6. The method of claim 5,
Wherein the rule-based detection processing unit is configured to notify that the abnormal pattern is an abnormal pattern and to output a description of the cause if the abnormal pattern is determined.

6. The method of claim 5,
Wherein the rule-based detection processing unit is configured to notify that an abnormal pattern is displayed and that an administrator or an expert needs to be determined if the abnormal pattern candidate is determined.

6. The method of claim 5,
Wherein the vectorization unit is configured to quantize all of the received data fields in time series.

6. The method of claim 5,
Wherein the vectorization unit is configured to generate a data vector in all cases for non-numeric data of the received data fields.

6. The method of claim 5,
Wherein the vectorization unit is configured to represent all or a part of the received data field as non-numeric data when all of the received data fields are numeric data.

6. The method of claim 5,
Wherein the database is configured to store key data and statistic vectors corresponding to data fields judged as abnormal patterns.

6. The method of claim 5,
And a filtering unit for receiving and filtering data, which is a set of at least one data field, and providing the data to the rule-based detection processing unit and the vectorization unit.

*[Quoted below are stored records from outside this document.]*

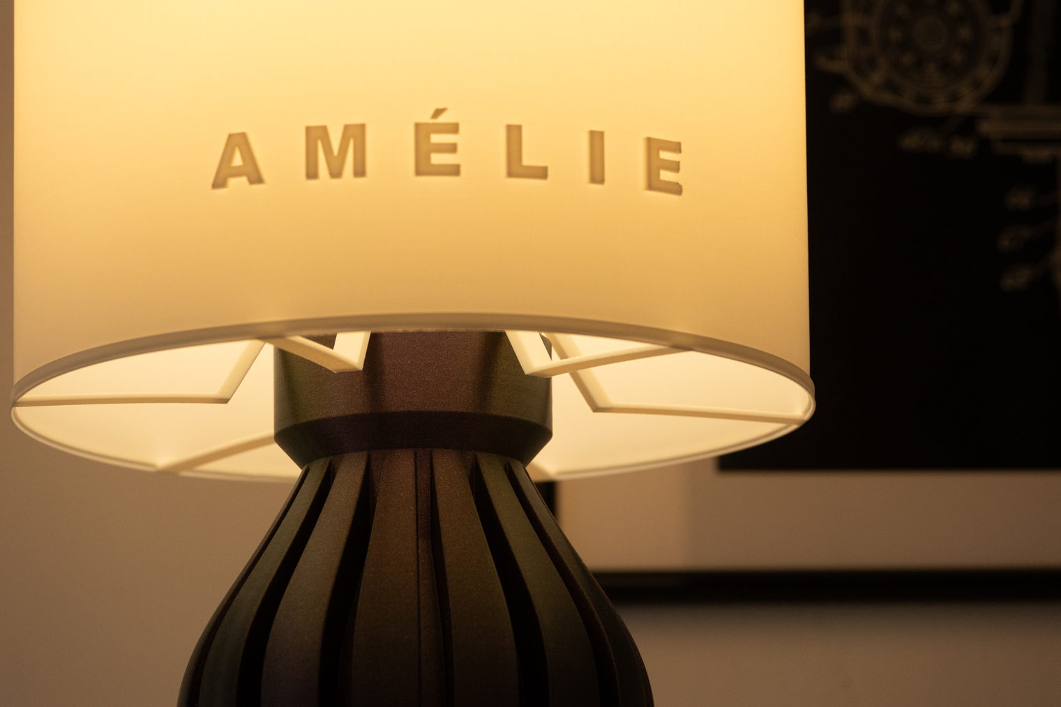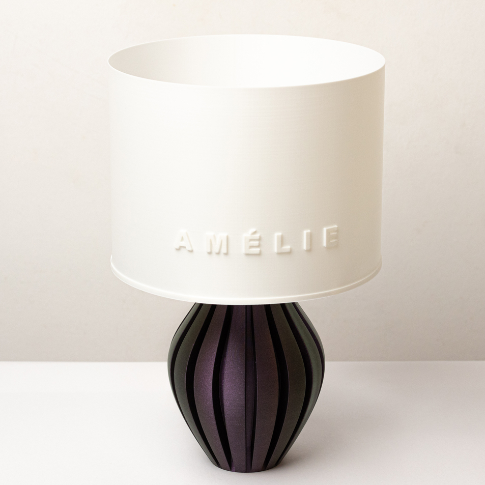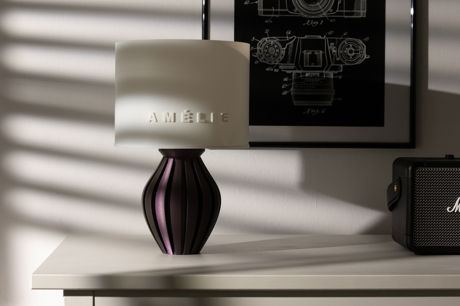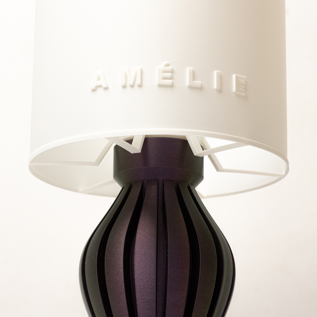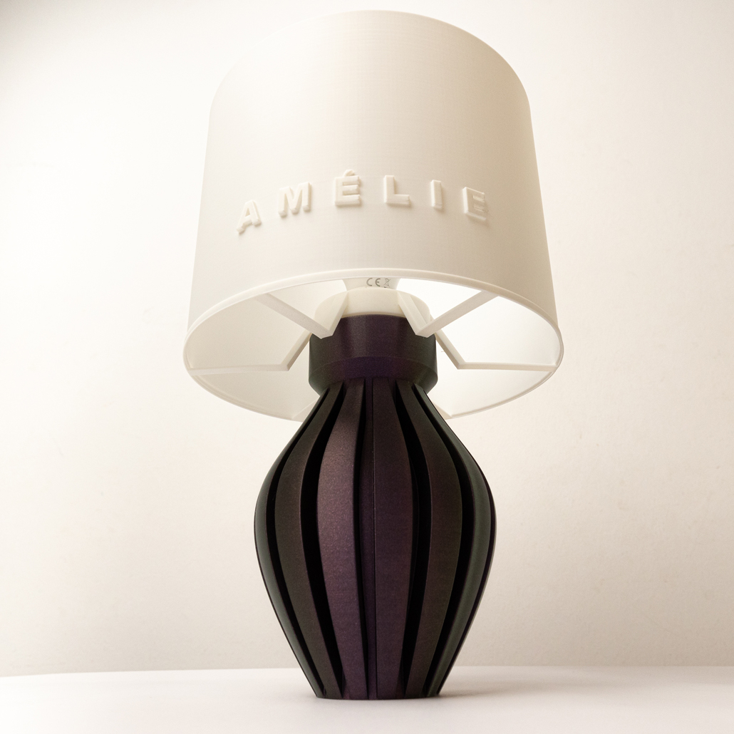 Produsul este o lampă de masă ambientală Art Deco realizată cu technologia de printare avansată 3D din plastic pe bază de porumb. Proiectată, fabricată, asamblată și expediată printr-un proces 100% neutru din punct de vedere al carbonului, alimentat cu energie regenerabilă. Transportul se face cu materiale reciclate, fără plastic.
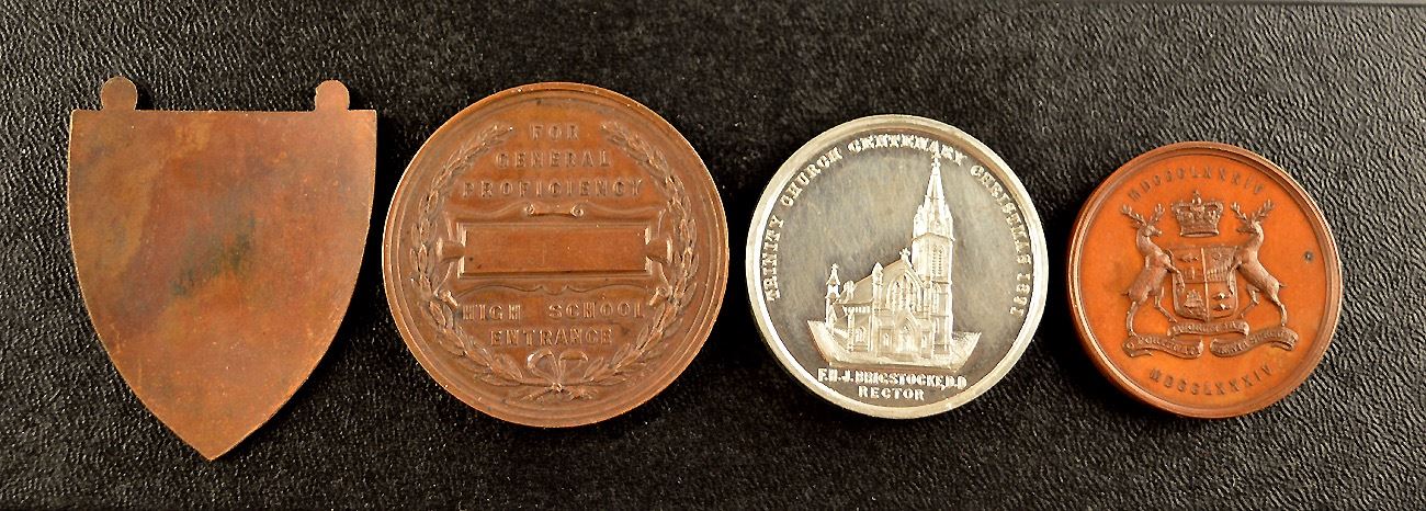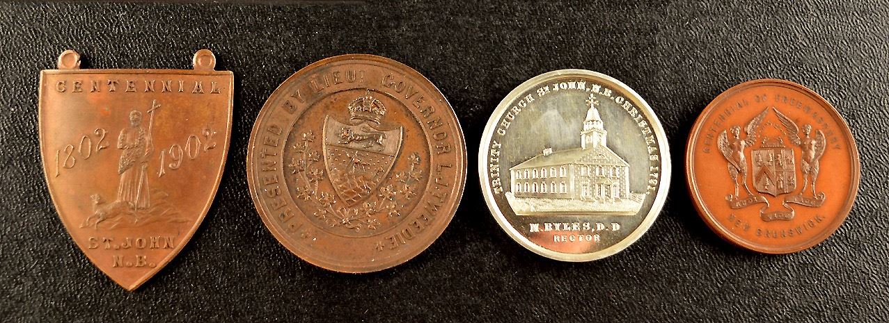 (1)- Trinity Church, St. John, NB, Christmas, 1891, Lr.1235v, Wm, EF, edge bump; (2)- Centennial of Freemasonry, New Brunswick, 1884, Lr.1575, Ae, FDC; (3)- Centennial St. John, N.B., 1802-1902, in shape of a triangular plaque, Ae, 37.65 x 47.8, VF; (4)- Lieutenant Governor General Medal, New Brunswick, L.J. Tweedie, For General Proficiency. Ae, 43mm, VF, unawarded. He was Lieutenant Governor of NB for 5 years, 1907-1912; Total 4 medals.
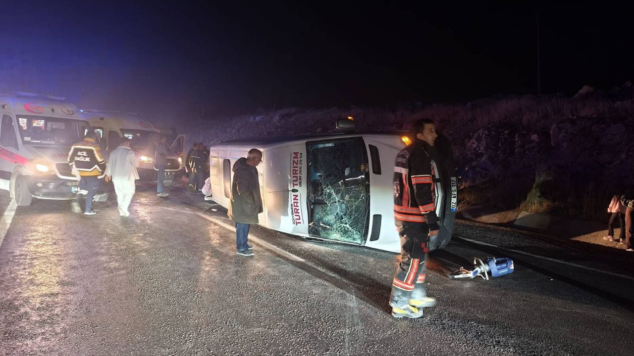 Çarpışmanın etkisiyle minibüs devrilerek yan yattı.

A rule-based determination step of determining whether the received data field is an abnormal pattern based on a rule;
Generating a data vector by vectorizing the received data field if the result of the determination is not an abnormal pattern;
A neural network-based determination step of receiving the data vector and determining whether an abnormal pattern is based on a neural network; And
Storing information on a data field determined as an abnormal pattern as a result of the rule base and the neural network;
And detecting the abnormal pattern.

16. The method of claim 15,
Wherein the rule-based decision step is performed by a hierarchical action knowledge space method.

16. The method of claim 15,
Wherein the vectorization unit is configured to digitize all of the received data fields in time series.

16. The method of claim 15,
Wherein the vectorization unit is configured to generate a data vector in all cases for non-numeric data of the received data fields.

16. The method of claim 15,
Wherein the vectorization unit is configured to represent all or a part of the received data field as non-numeric data when all of the received data fields are numeric data.

16. The method of claim 15,
Wherein the neural network based sensing processing unit is configured to include a time series modeling unit.

16. The method of claim 15,
Wherein the storing step includes storing key data and a statistic vector corresponding to the data field determined as the abnormal pattern.